=== Assignment ===
All of the entries below are to be copied word for word.

[Task input]

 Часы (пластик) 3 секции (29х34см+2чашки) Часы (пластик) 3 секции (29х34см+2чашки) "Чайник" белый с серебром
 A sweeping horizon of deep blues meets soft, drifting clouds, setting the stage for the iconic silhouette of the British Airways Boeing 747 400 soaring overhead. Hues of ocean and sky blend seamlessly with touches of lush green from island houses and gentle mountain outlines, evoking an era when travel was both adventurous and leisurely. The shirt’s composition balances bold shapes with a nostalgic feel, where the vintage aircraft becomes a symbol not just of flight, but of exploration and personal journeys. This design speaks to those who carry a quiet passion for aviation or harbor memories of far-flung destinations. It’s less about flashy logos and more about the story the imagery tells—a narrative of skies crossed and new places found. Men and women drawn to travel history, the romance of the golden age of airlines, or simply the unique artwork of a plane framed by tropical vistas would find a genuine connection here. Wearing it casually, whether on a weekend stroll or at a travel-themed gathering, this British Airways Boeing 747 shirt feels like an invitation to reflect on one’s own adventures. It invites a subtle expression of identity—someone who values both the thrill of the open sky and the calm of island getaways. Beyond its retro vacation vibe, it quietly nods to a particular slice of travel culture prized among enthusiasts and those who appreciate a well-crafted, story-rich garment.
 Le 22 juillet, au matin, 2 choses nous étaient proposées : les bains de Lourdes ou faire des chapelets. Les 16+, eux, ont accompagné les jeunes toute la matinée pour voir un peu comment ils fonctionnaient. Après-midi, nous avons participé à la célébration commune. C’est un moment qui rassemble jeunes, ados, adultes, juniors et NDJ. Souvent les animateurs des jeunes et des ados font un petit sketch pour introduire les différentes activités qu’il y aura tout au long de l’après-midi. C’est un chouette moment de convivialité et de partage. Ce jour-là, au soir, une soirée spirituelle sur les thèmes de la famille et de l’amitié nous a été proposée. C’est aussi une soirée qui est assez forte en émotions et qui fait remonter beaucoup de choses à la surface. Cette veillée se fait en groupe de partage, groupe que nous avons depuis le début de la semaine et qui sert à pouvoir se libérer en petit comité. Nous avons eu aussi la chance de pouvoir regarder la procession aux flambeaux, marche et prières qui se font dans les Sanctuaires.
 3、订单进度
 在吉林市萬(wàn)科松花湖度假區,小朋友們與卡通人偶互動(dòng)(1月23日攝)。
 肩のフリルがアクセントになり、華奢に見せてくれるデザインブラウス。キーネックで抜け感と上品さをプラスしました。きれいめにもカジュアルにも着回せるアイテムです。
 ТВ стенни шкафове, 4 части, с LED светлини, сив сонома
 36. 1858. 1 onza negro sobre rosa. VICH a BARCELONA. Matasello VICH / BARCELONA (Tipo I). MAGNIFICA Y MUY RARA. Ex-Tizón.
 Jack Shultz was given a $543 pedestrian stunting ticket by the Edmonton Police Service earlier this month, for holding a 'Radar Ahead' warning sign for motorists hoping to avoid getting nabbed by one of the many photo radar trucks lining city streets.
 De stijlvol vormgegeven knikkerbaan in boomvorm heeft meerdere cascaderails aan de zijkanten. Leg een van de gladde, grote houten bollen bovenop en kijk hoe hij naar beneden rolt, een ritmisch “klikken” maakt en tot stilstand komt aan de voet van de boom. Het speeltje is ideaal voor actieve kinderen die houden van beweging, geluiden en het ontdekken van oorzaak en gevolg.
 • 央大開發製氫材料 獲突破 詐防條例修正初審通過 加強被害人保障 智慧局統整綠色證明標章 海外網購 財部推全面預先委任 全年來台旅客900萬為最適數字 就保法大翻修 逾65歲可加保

[/Task input]

=== Answer space ===
 Часы (пластик) 3 секции (29х34см+2чашки) Часы (пластик) 3 секции (29х34см+2чашки) "Чайник" белый с серебром
 A sweeping horizon of deep blues meets soft, drifting clouds, setting the stage for the iconic silhouette of the British Airways Boeing 747 400 soaring overhead. Hues of ocean and sky blend seamlessly with touches of lush green from island houses and gentle mountain outlines, evoking an era when travel was both adventurous and leisurely. The shirt’s composition balances bold shapes with a nostalgic feel, where the vintage aircraft becomes a symbol not just of flight, but of exploration and personal journeys. This design speaks to those who carry a quiet passion for aviation or harbor memories of far-flung destinations. It’s less about flashy logos and more about the story the imagery tells—a narrative of skies crossed and new places found. Men and women drawn to travel history, the romance of the golden age of airlines, or simply the unique artwork of a plane framed by tropical vistas would find a genuine connection here. Wearing it casually, whether on a weekend stroll or at a travel-themed gathering, this British Airways Boeing 747 shirt feels like an invitation to reflect on one’s own adventures. It invites a subtle expression of identity—someone who values both the thrill of the open sky and the calm of island getaways. Beyond its retro vacation vibe, it quietly nods to a particular slice of travel culture prized among enthusiasts and those who appreciate a well-crafted, story-rich garment.
 Le 22 juillet, au matin, 2 choses nous étaient proposées : les bains de Lourdes ou faire des chapelets. Les 16+, eux, ont accompagné les jeunes toute la matinée pour voir un peu comment ils fonctionnaient. Après-midi, nous avons participé à la célébration commune. C’est un moment qui rassemble jeunes, ados, adultes, juniors et NDJ. Souvent les animateurs des jeunes et des ados font un petit sketch pour introduire les différentes activités qu’il y aura tout au long de l’après-midi. C’est un chouette moment de convivialité et de partage. Ce jour-là, au soir, une soirée spirituelle sur les thèmes de la famille et de l’amitié nous a été proposée. C’est aussi une soirée qui est assez forte en émotions et qui fait remonter beaucoup de choses à la surface. Cette veillée se fait en groupe de partage, groupe que nous avons depuis le début de la semaine et qui sert à pouvoir se libérer en petit comité. Nous avons eu aussi la chance de pouvoir regarder la procession aux flambeaux, marche et prières qui se font dans les Sanctuaires.
 3、订单进度
 在吉林市萬(wàn)科松花湖度假區,小朋友們與卡通人偶互動(dòng)(1月23日攝)。
 肩のフリルがアクセントになり、華奢に見せてくれるデザインブラウス。キーネックで抜け感と上品さをプラスしました。きれいめにもカジュアルにも着回せるアイテムです。
 ТВ стенни шкафове, 4 части, с LED светлини, сив сонома
 36. 1858. 1 onza negro sobre rosa. VICH a BARCELONA. Matasello VICH / BARCELONA (Tipo I). MAGNIFICA Y MUY RARA. Ex-Tizón.
 Jack Shultz was given a $543 pedestrian stunting ticket by the Edmonton Police Service earlier this month, for holding a 'Radar Ahead' warning sign for motorists hoping to avoid getting nabbed by one of the many photo radar trucks lining city streets.
 De stijlvol vormgegeven knikkerbaan in boomvorm heeft meerdere cascaderails aan de zijkanten. Leg een van de gladde, grote houten bollen bovenop en kijk hoe hij naar beneden rolt, een ritmisch “klikken” maakt en tot stilstand komt aan de voet van de boom. Het speeltje is ideaal voor actieve kinderen die houden van beweging, geluiden en het ontdekken van oorzaak en gevolg.
 • 央大開發製氫材料 獲突破 詐防條例修正初審通過 加強被害人保障 智慧局統整綠色證明標章 海外網購 財部推全面預先委任 全年來台旅客900萬為最適數字 就保法大翻修 逾65歲可加保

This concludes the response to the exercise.